BEGIN Data extract

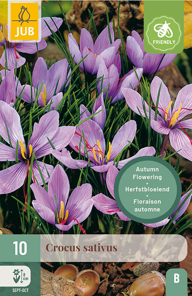Toto je krokus, z ktorého sa extrahuje vzácne farbivo šafran. Okrem farby sa v jedlách cení aj jeho aromatická, korenistá chuť. Cibuľky zasaďte ihneď po dozretí. Kvety sa objavujú už na jeseň. Vynikajúce na naturalizáciu.
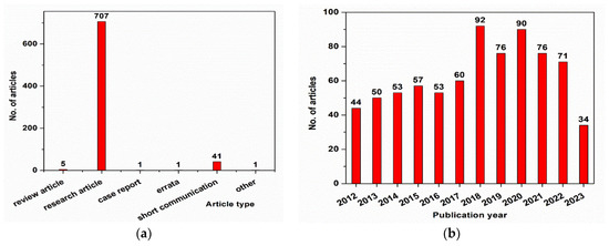 (a) Evolution of the published articles in the field of Fe3O4 core–shell nanoparticles; (b) types of papers published in the field of Fe3O4 core–shell nanoparticles.
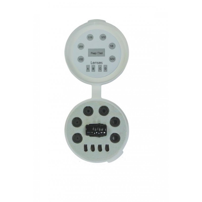 Zestaw zawiera: Baza InSight Peep, 6 przysłon (1/32″, 3/64″, 1/16″, 3/32″, 1/8″, 5/32″), 4 soczewki typu clarifying(A, B, C, D), narzędzie do montażu przysłon oraz etui ochronne.
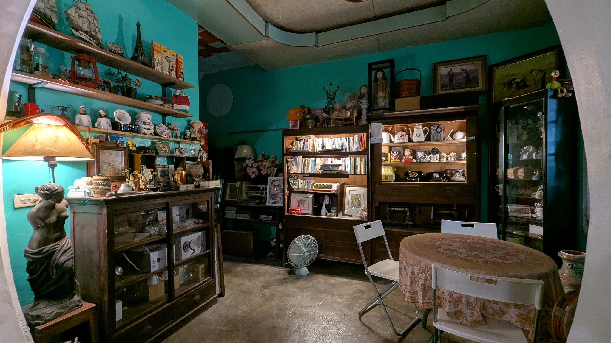 豐明園咖啡不只是一家喝咖啡的地方,更像是一座老物博物館,每件擺設背後都藏著故事。光是被爬牆虎包覆的圍牆與大門,就夠吸引人。這裡曾經是屏東縣第一屆縣議員曾勤華故居,如今老屋化為咖啡空間,屋內收藏著半世紀前的各式老物——電風扇、打字機、收音機、琺瑯廣告牌與懷舊桌椅,每一件都帶著時間的痕跡。在這裏,喝咖啡變成一種聆聽——聽時間的聲音,聽土地的故事。那是一種竹田特有的慢與柔:不張揚,不造作,只用光、植物與老物,讓人重新想起「安靜生活」是什麼樣子。
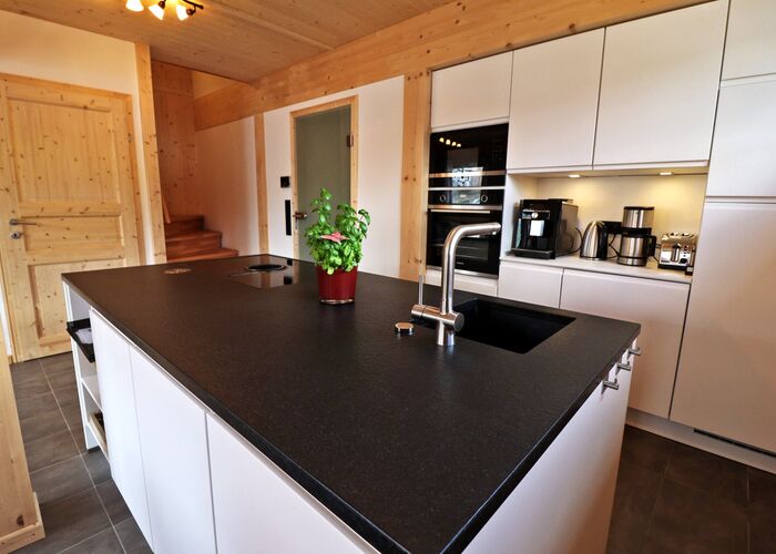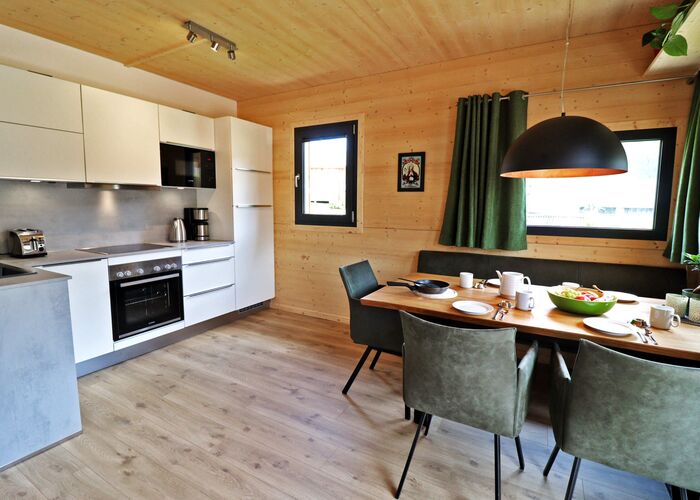 Große Fenster und Terrassen (teils eingezäunt) schaffen eine direkte Verbindung zur Natur. Die großzügige Küchenausstattung sorgt für Unabhängigkeit, warme Holzakzente für gemütliche Atmosphäre.
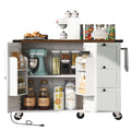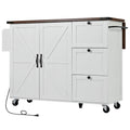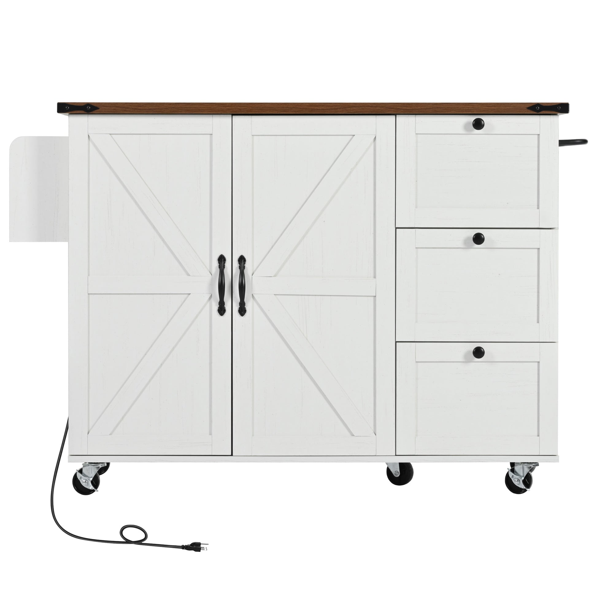 K&K 54.5" Farmhouse Kitchen Island With Power Outlet, Kitchen Storage Island With Internal Storage Rack, Drop Leaf, Spice Rack, Rolling Kitchen Cart On Wheels, For Home, Kitchen And Dining
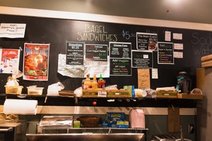 The photograph captures a rustic café setting dominated by a chalkboard menu displaying an eclectic range of bagel sandwiches and drinks. Warm, soft lighting creates an inviting atmosphere, while a cluttered shelf below hints at a bustling kitchen environment. The casual decor, with colorful posters and various condiments, suggests a laid-back, friendly vibe perfect for a quick bite.
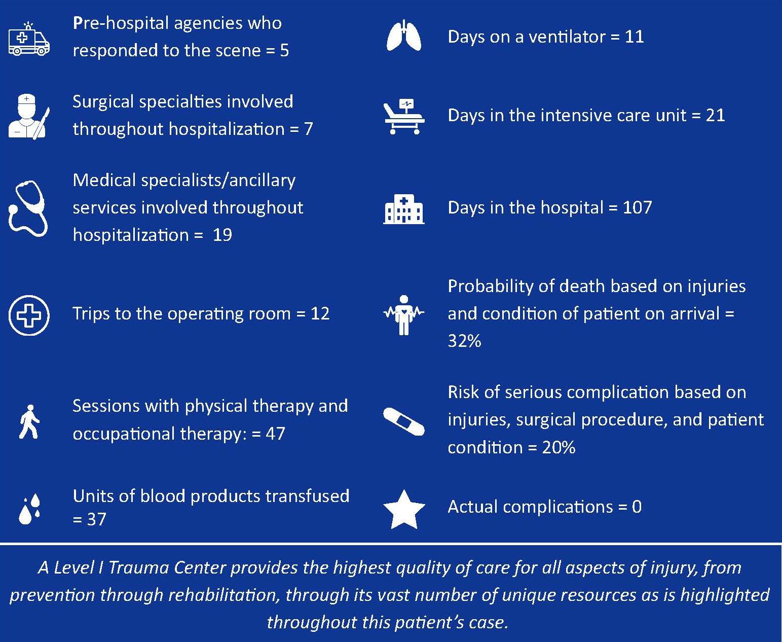 that he would require to safely recover closer to home. As he continued to improve and no longer required inpatient rehabilitation, the social work team was able to coordinate his discharge directly to his home. The patient ultimately underwent his final operative procedure on hospital day 89 and was discharged to his home on hospital day 107 with the ability to walk using a rolling walker. Prior to leaving, our patient was so thankful for his care that he recorded a special video message to be

END Data extract

Try it:
Set down the records above word for word, from the first line through the line containing "The photograph captures", both included; leave out the pictures.

Exercise solution:
Toto je krokus, z ktorého sa extrahuje vzácne farbivo šafran. Okrem farby sa v jedlách cení aj jeho aromatická, korenistá chuť. Cibuľky zasaďte ihneď po dozretí. Kvety sa objavujú už na jeseň. Vynikajúce na naturalizáciu.
 (a) Evolution of the published articles in the field of Fe3O4 core–shell nanoparticles; (b) types of papers published in the field of Fe3O4 core–shell nanoparticles.
 Zestaw zawiera: Baza InSight Peep, 6 przysłon (1/32″, 3/64″, 1/16″, 3/32″, 1/8″, 5/32″), 4 soczewki typu clarifying(A, B, C, D), narzędzie do montażu przysłon oraz etui ochronne.
 豐明園咖啡不只是一家喝咖啡的地方,更像是一座老物博物館,每件擺設背後都藏著故事。光是被爬牆虎包覆的圍牆與大門,就夠吸引人。這裡曾經是屏東縣第一屆縣議員曾勤華故居,如今老屋化為咖啡空間,屋內收藏著半世紀前的各式老物——電風扇、打字機、收音機、琺瑯廣告牌與懷舊桌椅,每一件都帶著時間的痕跡。在這裏,喝咖啡變成一種聆聽——聽時間的聲音,聽土地的故事。那是一種竹田特有的慢與柔:不張揚,不造作,只用光、植物與老物,讓人重新想起「安靜生活」是什麼樣子。
 Große Fenster und Terrassen (teils eingezäunt) schaffen eine direkte Verbindung zur Natur. Die großzügige Küchenausstattung sorgt für Unabhängigkeit, warme Holzakzente für gemütliche Atmosphäre.
 K&K 54.5" Farmhouse Kitchen Island With Power Outlet, Kitchen Storage Island With Internal Storage Rack, Drop Leaf, Spice Rack, Rolling Kitchen Cart On Wheels, For Home, Kitchen And Dining
 The photograph captures a rustic café setting dominated by a chalkboard menu displaying an eclectic range of bagel sandwiches and drinks. Warm, soft lighting creates an inviting atmosphere, while a cluttered shelf below hints at a bustling kitchen environment. The casual decor, with colorful posters and various condiments, suggests a laid-back, friendly vibe perfect for a quick bite.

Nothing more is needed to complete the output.